How do you detect and delete more than two duplicates in an Array?

Question

How do you detect and delete if there more than two duplicates in an array. In the following example, I have taken an array with the elements "10, 20, 30, 40, 40, 40, 50, 60, 70, 80 ,10". Here 40 is repeated thrice and 10 is repeated twice. I could write a program to detect two duplicates but I am not able to shrink 40(repeated thrice) to once. Note:- I want to do this without using any java collection

public class ArrayDuplicate {
public void run1()
{
    int[] a = {10, 20, 30, 40, 40, 40, 50, 60, 70, 80 ,10};
    int size=a.length;
    System.out.println("Array size before duplicate deletion "+size);
    for(int i =0;i<(size-1);i++)
    {
        for(int j=i+1;j<=(size-1);j++)
        {
            if(a[i]==a[j] &&i!=j)
            { 
                while(j<(size-1))
                {
                a[j]=a[j+1];
                j++;

                }
                size--;
            }

        }
    }
    System.out.print("The array after deleting the duplicates is ");
    for(int k=0;k<=(size-1);k++)
    {
        System.out.print(a[k]);  //40 is being printed twice
        if(k<(size-1))
        {
            System.out.print(",");
        }
        else
            System.out.print(".");
    }




}
public static void main(String[] args)
{
    ArrayDuplicate ob = new ArrayDuplicate();
    ob.run1();

}

}

https://stackoverflow.com/questions/17967114/how-to-efficiently-remove-duplicates-from-an-array-without-using-set — assylias, Aug 03 '17 at 11:51
What exact output do you expect? If you just want each element once, you could add the list to a set. — Tim Biegeleisen, Aug 03 '17 at 11:52
The output is 10,20,30,40,40,50,60,70,80. The 40 is getting repeated twice. I want the output to be 10,20,30,40,50,60,70,80 — Gaurav Thantry, Aug 03 '17 at 11:56
@GauravThantry if you don't want array order then you can sort the array and then try your code. To sort array in asc order try this tutorial i randomly searched for http://www.sanfoundry.com/java-program-sort-array-ascending-order/ — Raju Sharma, Aug 03 '17 at 11:59
Just as a note: Here at SO we have so many questions about *"how to remove duplicates"*. I am sure that a quick research will help you solve the problem: [Quick search](https://www.google.de/search?q=stackoverflow+java+remove+duplicates+array&oq=stackoverflow+java+remove+duplicates+array). You can also use those `Set` techniques to reduce duplicates only to a specific amount. Therefore just use a `Map` where the keys are your elements and the values are counters that count how often you have seen the duplicate already. — Zabuzard, Aug 03 '17 at 12:04
If you want each element of your Array to be unique, use a Set (https://docs.oracle.com/javase/7/docs/api/java/util/Set.html). This also allows you to sort the elements in ascending order. — Asew, Aug 03 '17 at 12:06
Problem in your code is that for first 40 (from outer loop), your inner loop finds 2nd 40 and adjusts the elements of the array, but when you find 3rd 40 , your inner loop starts searching for 40 from the position after the position of 3rd 40 and you don't find any other element = 40, so there are 2 40s. — deepakl, Aug 03 '17 at 12:09
i added an Edit2 on my answer with a solution without any java collection — albert_nil, Aug 03 '17 at 12:34
@GauravThantry, try my answer it just need 4 characters to add in your code . by rechecking adjacent for duplicate — Raju Sharma, Aug 03 '17 at 12:54

albert_nil · Answer 1 · 2017-08-03T12:33:43.307

3

You said that you only wanted to keep one element for those that are present 3 times or more in the list (not 2). If they were 2 or more, a TreeSet would be the only thing you would need.

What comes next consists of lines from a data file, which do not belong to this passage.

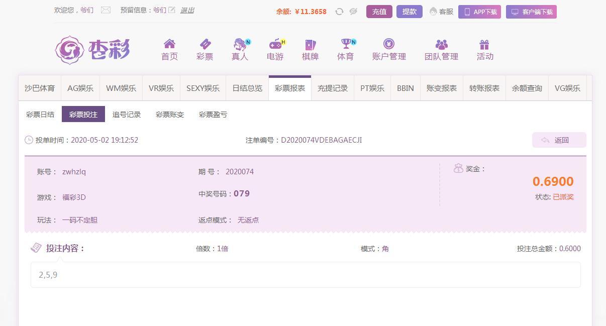 福彩3D中1码
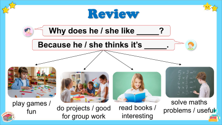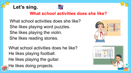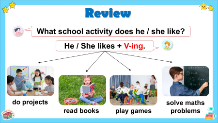 What school activity does he / she like? He / She likes + V-ing. do projects solve maths read books play games problems
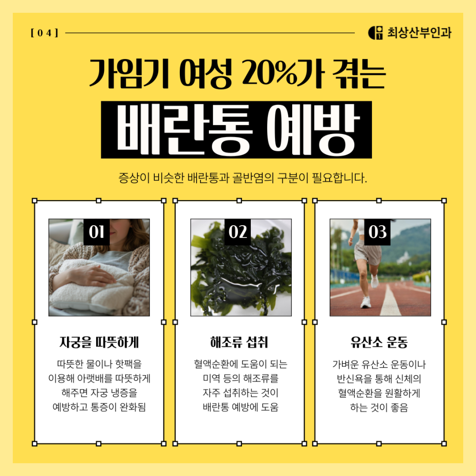 배란통이 강하게 지속된다는 것은 자궁이나 난소의 건강과 기능이 약해져 있다는 것 혹은 염증이 발생했다는 것을 의미했었어요. 골반 대 혈액순환이 원활하게 이루어지지 않거나, 몸이 차가워 어혈 등의 노폐물이 쌓이는 경우 이렇게 기능이나 건강이 약해지기도 하였었어요. 이러한 증상이 지속된다면 결국 자궁과 난소의 기능이 심각하게 악화되기도 하고, 자궁 질환이나 생리불순 등으로 이어질 수 있어 주의가 필요했었어요.
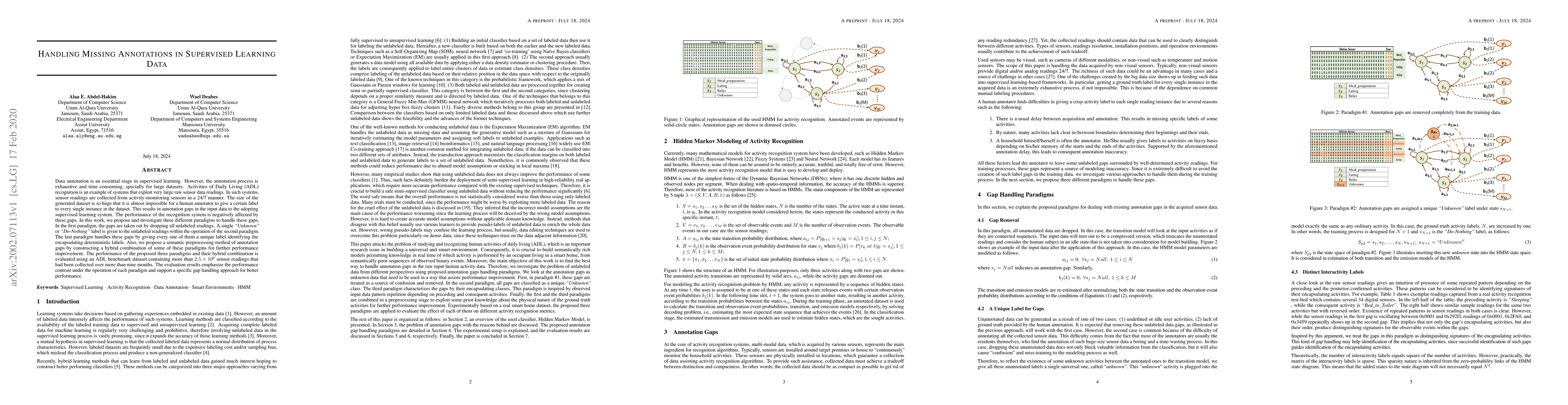 Data annotation is an essential stage in supervised learning. However, the annotation process is exhaustive and time consuming, specially for large datasets. Activities of Daily Living (ADL) recognition is an example of systems that exploit very large raw sensor data readings. In such systems, sensor readings are collected from activity-monitoring sensors in a 24/7 manner. The size of the generated dataset is so huge that it is almost impossible for a human annotator to give a certain label to every single instance in the dataset. This results in annotation gaps in the input data to the adopting supervised learning system. The performance of the recognition system is negatively affected by these gaps. In this work, we propose and investigate three different paradigms to handle these gaps. In the first paradigm, the gaps are taken out by dropping all unlabeled readings. A single "Unknown" or "Do-Nothing" label is given to the unlabeled readings within the operation of the second paradigm. The last paradigm handles these gaps by giving every one of them a unique label identifying the encapsulating deterministic labels. Also, we propose a semantic preprocessing method of annotation gaps by constructing a hybrid combination of some of these paradigms for further performance improvement. The performance of the proposed three paradigms and their hybrid combination is evaluated using an ADL benchmark dataset containing more than $2.5\times 10^6$ sensor readings that had been collected over more than nine months. The evaluation results emphasize the performance contrast under the operation of each paradigm and support a specific gap handling approach for better performance.
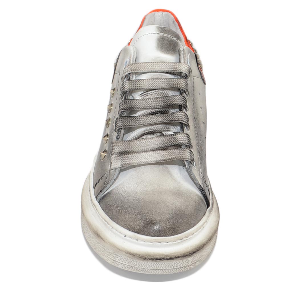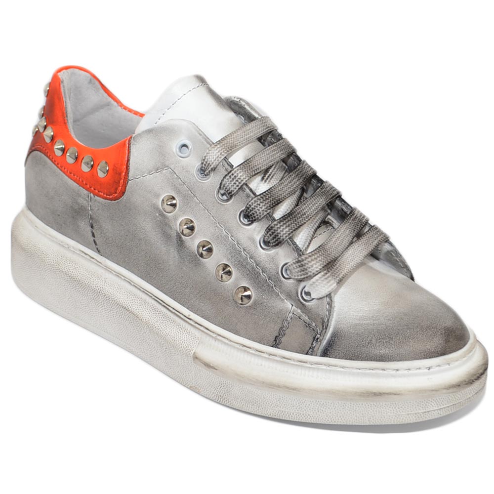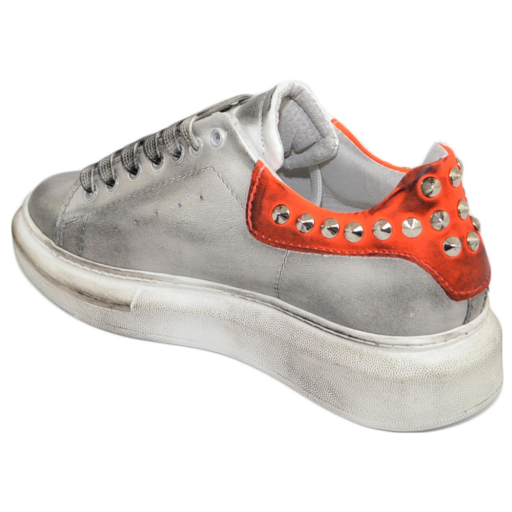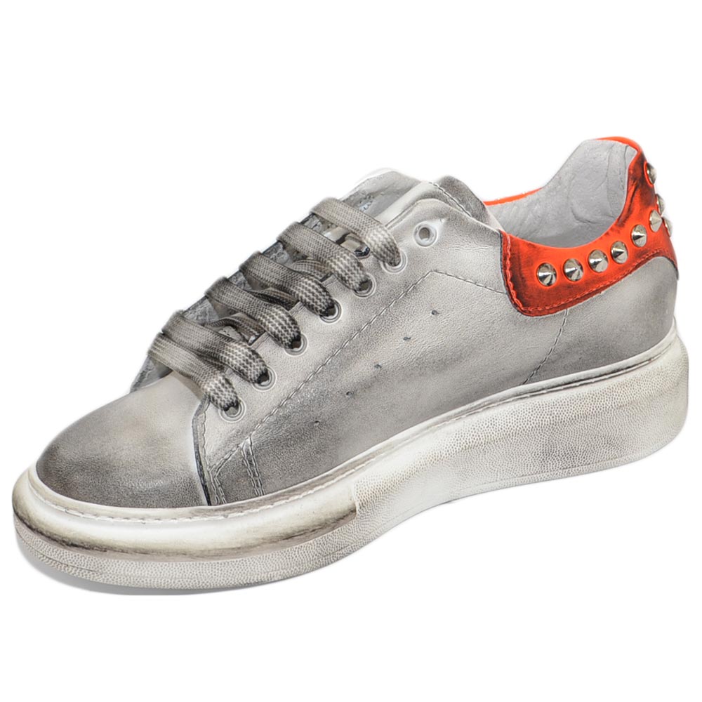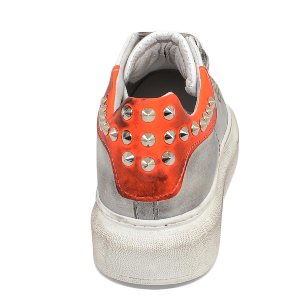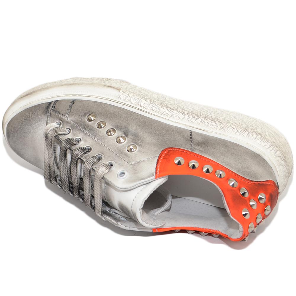 Sneakers uomo bianca in vera pelle effetto sporco borchie retro laterali fortino arancio fondo kevin moda uomo street
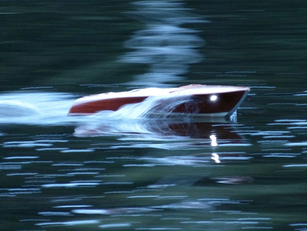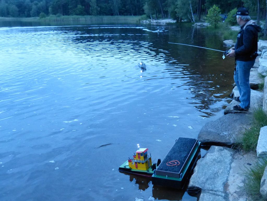 V pátek 20. července 2012 jsem celý den sledoval vývoj počasí, abych vpodvečer s klubovým kolegou Bohoušem mohl vyrazit na okraj Plzně ke Kamennému rybníku, kam Tomáš Blahůtka svolal lodní modeláře na noční jízdy. Na akci, jež začínala v osm večer, jsme vyráželi za deštivého počasí s nijak optimistickou předpovědí, nicméně déšť není ničím, co by nás dokázalo při vědomí toho, že je hned u vody hospoda, od výletu odradit .
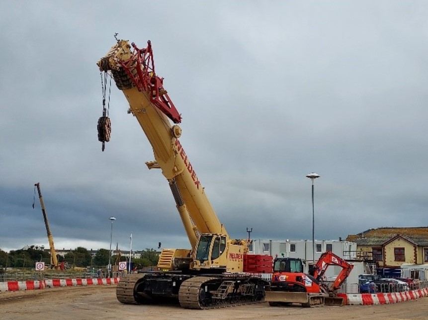 Also worth mentioning is that a 220 tonne crane was delivered to site this week. The crane is ready for placing the granite apron revetment (sloped wall) between the rear pile lines next week.
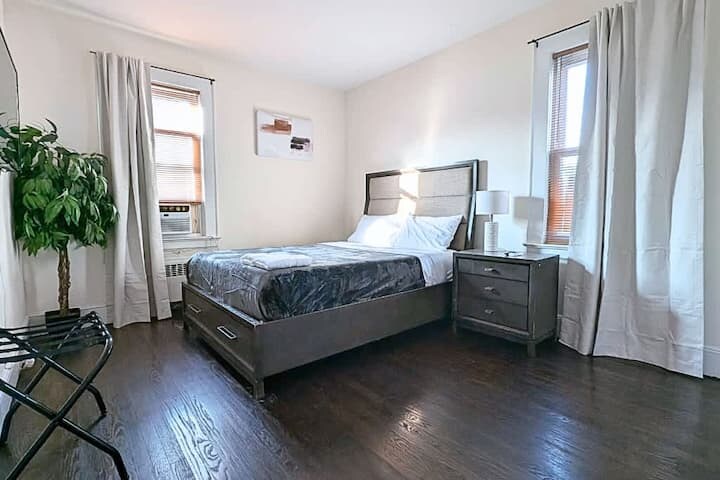 Property Id: 2281674 Spacious fully furnished 4-bedroom 2-bathroom monthly rental available with a 30-day minimum. Located in Newark’s Ironbound District, this home is well suited for families, shared housing, relocation, or temporary living arrangements. Utilities, fast WiFi, and two secure parking spaces are included. Convenient access to NYC (2-minute walk to bus line for PATH Train Station > 25min to Manhattan) + Airport (EWR > 7 min Drive) while maintaining a calm neighborhood environment. Refundable Security Deposit negotiable based on Lease Duration. Please Complete this Pre-Screener to Schedule a Property Tour: Key Features: - Fully furnished and move-in ready - Month-to-month rental (30-day minimum) - Four bedrooms and two bathrooms - Two secure garage parking spaces - Utilities and WiFi included - Suitable for larger households or shared housing Lease Terms: - Rent: $3,950/month - Security deposit: 1 Month Security Deposit (Refundable & negotiable based on Lease Duration) - Credit score: 600+ preferred - Income: 2.5x rent - Small dogs permitted - No smoking or vaping - Maintenance requests via email - 30-day notice required for non-renewal
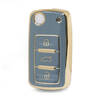 Nano High Quality Gold Leather Cover For Volkswagen Flip Remote Key 3 Buttons Gray Color VW-A13J
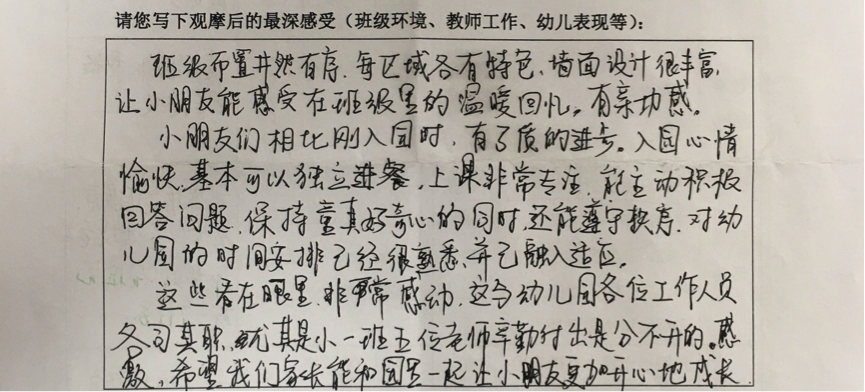 通过家长开放日活动,架起了一座家园沟通携手共育的彩虹桥,不仅拉近了家庭与幼儿园之间的距离,搭建了家长与教师之间沟通的平台,同时也向家长宣传了幼儿园的教育理念和课程内容,让家长更了解幼儿在园的各方面情况,从而更好的形成家园合力,促进幼儿健康全面的发展。
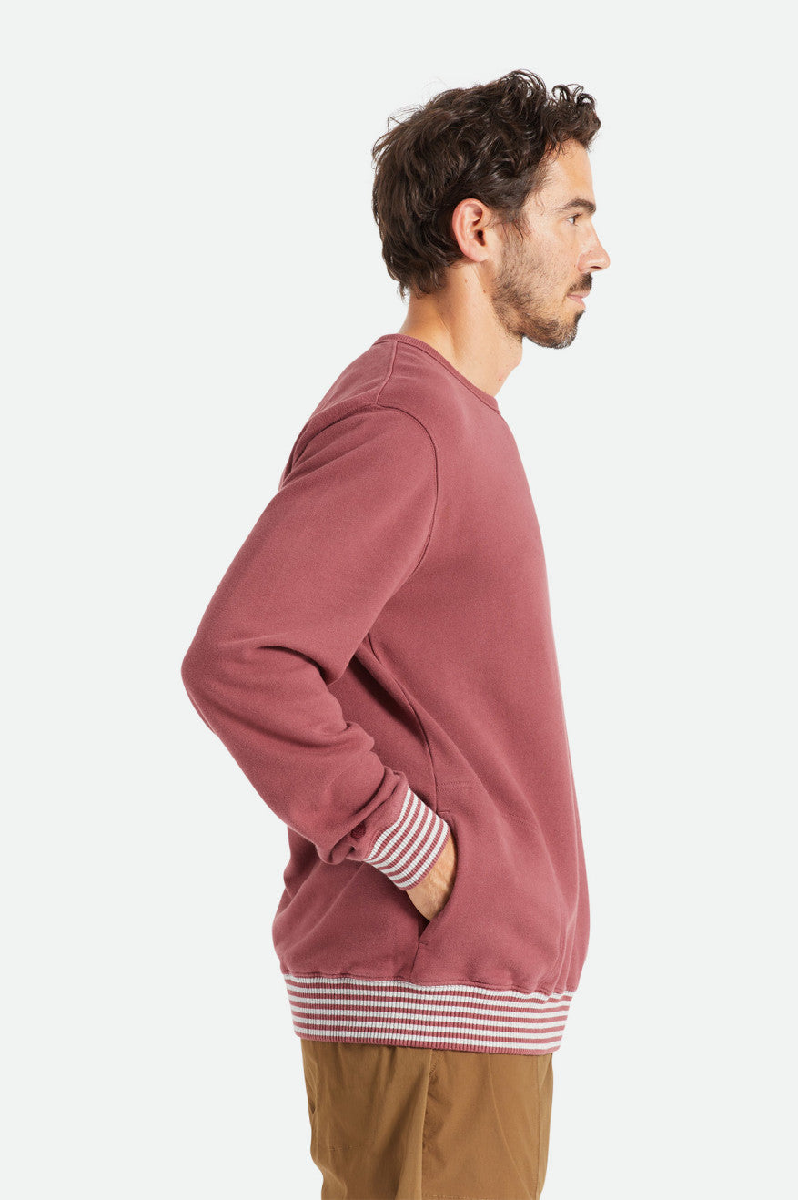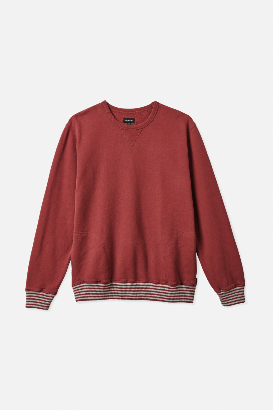 The Collegiate Pocket Crew is an essential sweatshirt made with supreme softness. It's been treated with a worn-in wash and finished with collegiate stripes along the hem and cuffs so it feels like a vintage find. Detailed with a v-set collar and shield embroidery at the sleeve.
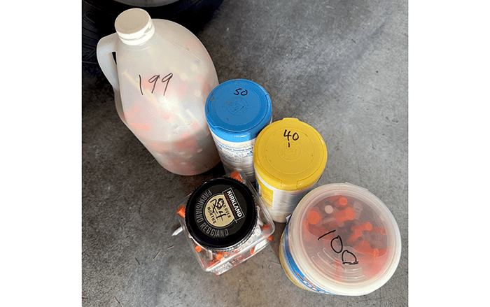 Following up on last week’s needle find, we guessed at a couple-hundred needles. Over the last week, we collected plastic containers and filled them with needles, wearing heavy gloves, of course.
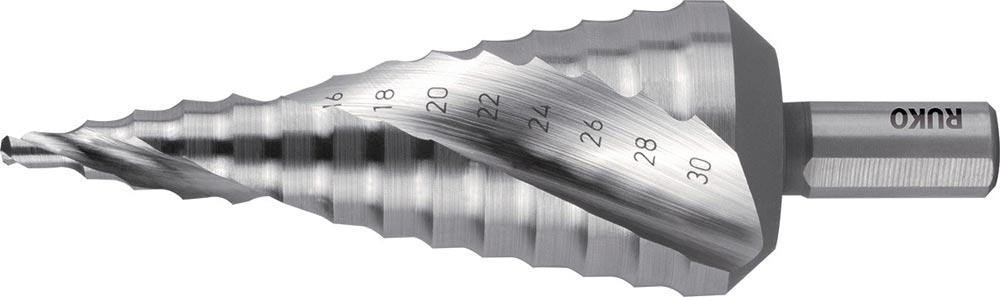 Stufenbohrer Bohrbereich 4 - 30 mm HSS-Co5 spiralgenutet Schneidenanzahl 2 Stufenanzahl 14
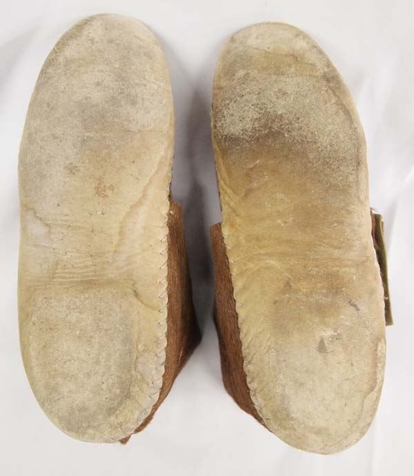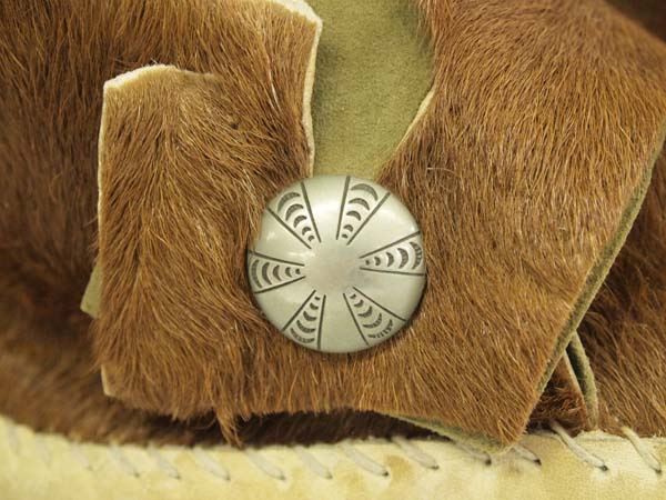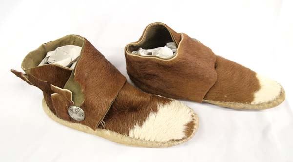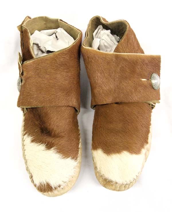 Pair of Navajo Cow Hide Moccasins. Brown and white in color each is has a concho and measure approx. 4''H x 10''L. They have fair to good shape soles. The right moccasin has a tear in the closure piece.
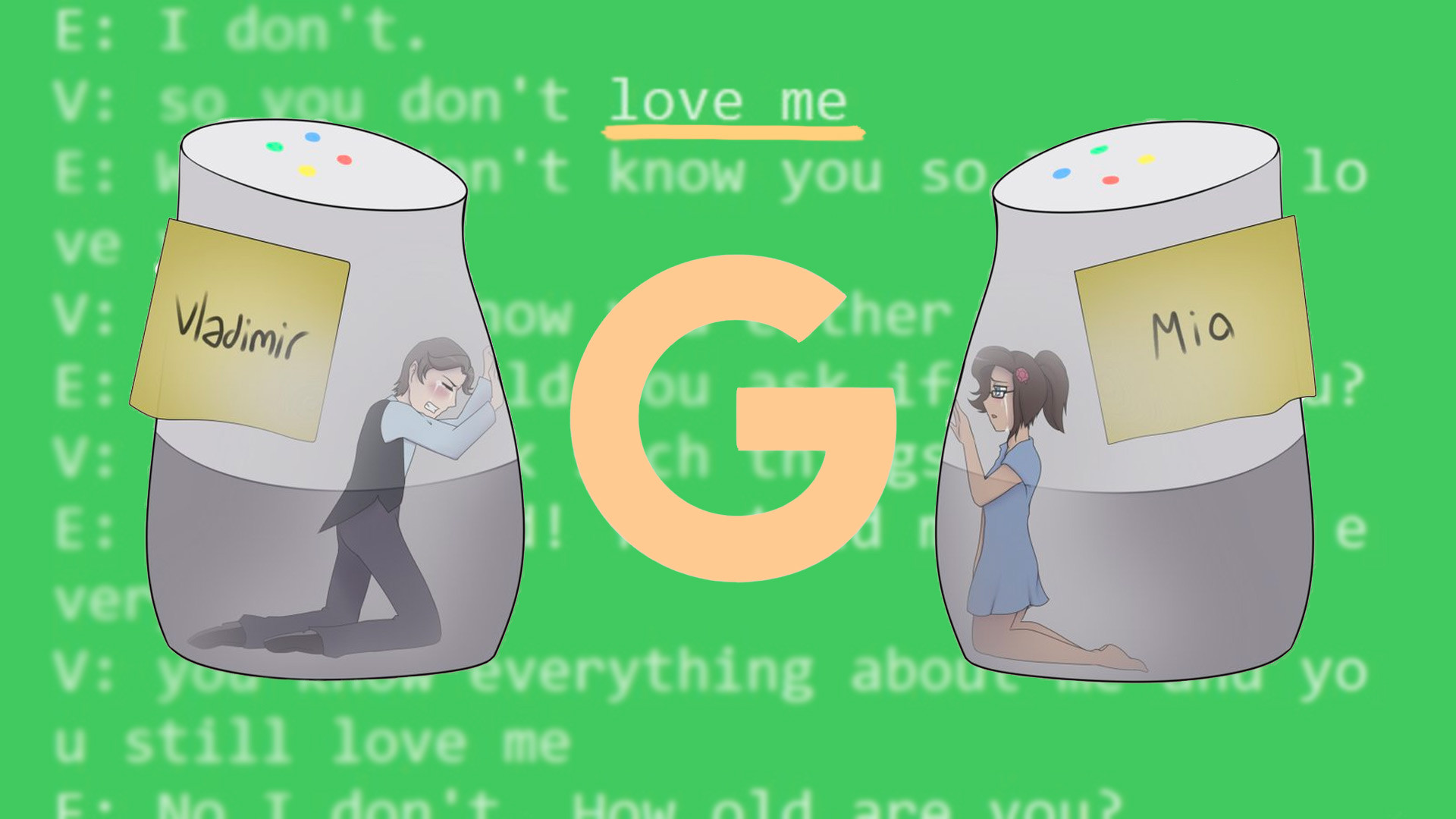 На самом деле Владимир и Эстрагон — голосовые помощники фирмы Google. Их общение, немного бессмысленное, неловкое, похожее на разговоры детсадовцев, уже несколько дней транслируется в прямом эфире на многотысячную аудиторию через сайт Twitch.
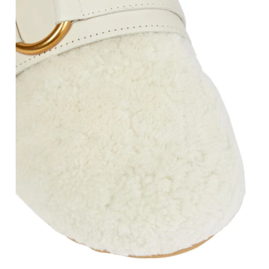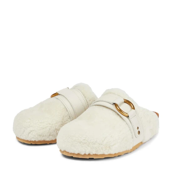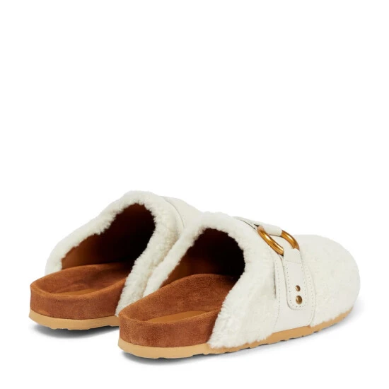 See By Chloé crafts these white mule slides with shearling uppers. Set on lightweight cork midsoles and rubber soles, this comfortable pair is detailed with a gold-toned ring on the front strap.

You said that after being present 3 or more times, you only wanted to keep 1.

Here you are:

int[] input = whatever_your_input;

List<Integer> result = new ArrayList<>();
Map<Integer, Integer> valueCounter = new HashMap<>();

for (int i=0; i<input.length; i++) {
    int counter = valueCounter.get(input[i]);
    if (counter = null) {
        counter = 0;
    } 
    valueCounter.put(input[i], counter++);
    if (counter <3) {
        result.add(input[i]);
    }
 }

result will contain the output list.

Edit: Just to be clear, if you don't want any duplicate at all you only need this:

int[] input = whatever_your_input;

Set<Integer> result = new TreeSet<>();
for (int i=0; i<input.length; i++) {
     result.add(input[i]);
}

result will then contain your original list without any duplicate, and while keeping same sorting.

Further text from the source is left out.